Here are the Canoes.
Another group of Hawaiian legends, very incomplete, probably referring to Maui, but ascribed to other names, relates that a fisherman caught a large block of coral. He took it to his priest. After sacrificing, and consulting the gods, the priest advised the fisherman to throw the coral back into the sea with incantations. While so doing this block became Hawaii-loa. The fishing continued and blocks of coral were caught and thrown back into the sea until all the islands appeared. Hints of this legend cling to other island groups as well as to the Hawaiian Islands. Fornander credits a fisherman from foreign lands as thus bringing forth the Hawaiian Islands from the deep seas. The reference occurs in part of a chant known as that of a friend of Paao—the priest who is supposed to have come from Samoa to Hawaii in the eleventh century. This priest calls for his companions:
"Here are the canoes. Get aboard.
Come along, and dwell on Hawaii with the green back.
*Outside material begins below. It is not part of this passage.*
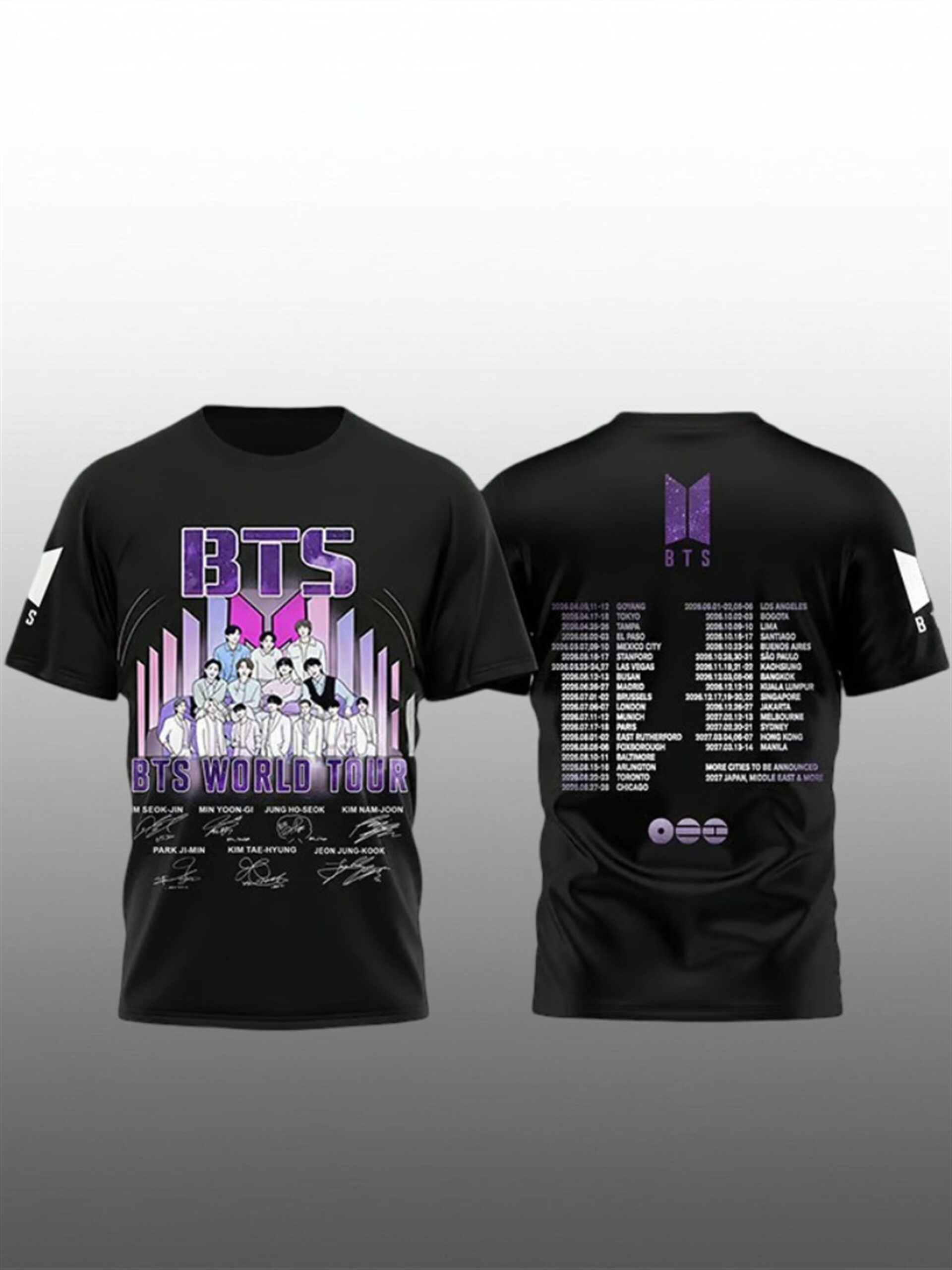 This design is tailored exclusively for the BTS ARMY—the millions of loyal fans who have awaited the group’s full reunion. The front of the shirt showcases a striking, high-contrast graphic of the seven members against a signature purple and black backdrop, symbolizing the “Borahae” (I Purple You) legacy. Below the portraits, the design includes the distinct, stylized signatures of all seven members, offering a personal touch that connects fans to their idols.

A land which was found in the ocean,
A land thrown up from the sea—
From the very depths of Kanaloa,
The white coral, in the watery caves,
That was caught on the hook of the fisherman."
The god Kanaloa is sometimes known as a ruler of the under-world, whose land was caught by Maui's hook and brought up in islands. Thus in the legends the thought has been perpetuated that some one of the ancestors of the Polynesians made voyages and discovered islands.
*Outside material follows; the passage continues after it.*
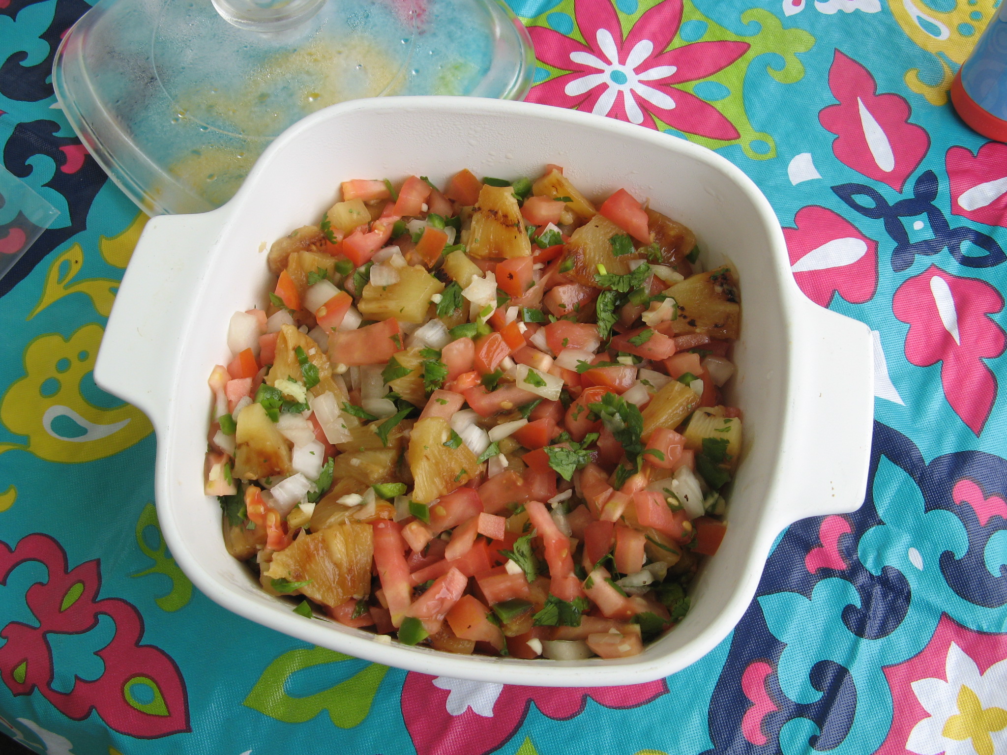 3. Combine the pineapple, onion, tomatoes, jalapeno, garlic, ginger and cilantro in a large bowl. Add the lime juice and season with salt then toss. Serve with tortilla chips. This salsa also tastes great over salmon and grilled chicken.

In the time of Umi, King of Hawaii, there is the following record of an immense bone fish-hook, which was called the "fish-hook of Maui:"
"In the night of Muku (the last night of the month), a priest and his servants took a man, killed him, and fastened his body to the hook, which bore the name Manai-a-ka-lani, and dragged it to the heiau (temple) as a 'fish,' and placed it on the altar."
This hook was kept until the time of Kamehameha I. From time to time he tried to break it, and pulled until he perspired.
Peapea, a brother of Kaahumanu, took the hook and broke it. He was afraid that Kamehameha would kill him. Kaahumanu, however, soothed the King, and he passed the matter over. The broken bone was probably thrown away.